For sure, yes. You remember that scratch and sniff used to be a thing?
I do, yes. Those scented cards which were also used for some movies.
To create it in a seamless manner is definitely something I am very interested in. There has actually been a project I wanted to work on, but haven’t been able to realise yet. I once read that from a physiological perspective, the best way the human brain remembers smell is when it is linked to fear.
Oh wow, really?
Yeah. So I wanted to preview one of our perfumes during the screening of a horror movie.
That’s an amazing idea! (both laughing)
Finally, I wanted to ask if you have any very early scent memories that you could tell us about?
I am not sure I still remember the very first association I had with a smell, but I do have very vivid memories of India from my childhood. You know my family is from India.
From what age is that memory ?
I think I was probably around four. And that’s what’s so amazing about it. Because almost forty years later, you can smell these things and they instantly transport you back in time, across the globe and into the emotional state of a child. Another significant memory I have is around the birth of our first daughter. The smell of a baby, these things are just mind-blowing and something you could probably never recreate. And when I think about it, I could probably map out my life throughout the decades based on specific memories that I associate with certain smells. Actually, just before the pandemic hit, we launched an Instagram series called Smell Memory. We asked friends of ours to describe memories of theirs in relation to smells and I was surprised about the strong feedback we got. We reached out to numerous people, some of them very successful celebrities and everyone came back saying, I got one, I got one. Nobody declined. And that’s the interesting thing, to see that everybody has those strong connections between experiences and smells, but we seldom think about them or talk about them.

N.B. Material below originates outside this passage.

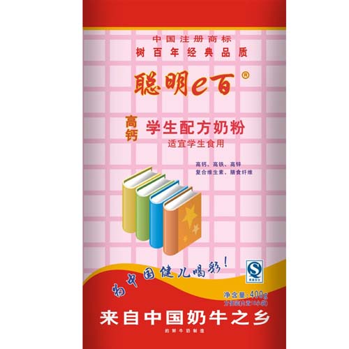聰明e百是工信部等國(guó)家六部委聯(lián)合推薦放心奶粉,首批合格發(fā)證企業(yè)。自有奶源,來(lái)自牛之鄉(xiāng)奶源,純天然,無(wú)污染。毛主席曾夸其為“馬背上的書法家”,中國(guó)書法家協(xié)會(huì)主席,舒體創(chuàng)始人舒同將軍之子舒安題名企業(yè)。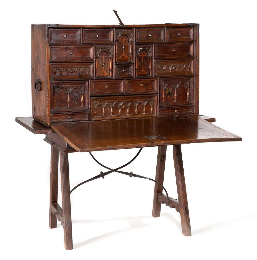 BARGUEÑO en noyer sculpté avec incrustations ouvrant par un abattant sur dix-sept tiroirs et deux vantaux à décor d'arcatures et de colonnettes | poignées latérales et serrure à moraillon en fer forgé. Il repose sur une table ouvrant par un tiroir en façade aux pieds divergents reliés au plateau par une entretoise en fer forgé.Espagne, XVIIe siècle

And a very last question, just to end on a physical travel note. What is your favourite place to travel to?
I think I’d say Alaska. I went a few years ago on a surfing trip with a bunch of friends. I was living there on a boat. We went to some very remote beaches you can only reach by bush planes. I surfed in these really cold waters and it was just a crazy, incredible place. If you ever get a chance, you should really go.
I would love to. Where in Alaska was it?
We flew into Anchorage and then continued South towards a town called Seward. And from there we took boats further down along the coast.
How were the waves there?
Amazing. I mean, when they were on. But the tricky thing is that it’s basically a twenty-four hour journey. So you obviously have to book your trip and just go, without knowing how the conditions will be. Usually in terms of surfing, you can look at the swell maps; how are the waves in let’s say Biarritz? When the waves look good, you just hop on a plane in Stockholm and fly down. With Alaska, you just have to go and hope for the best.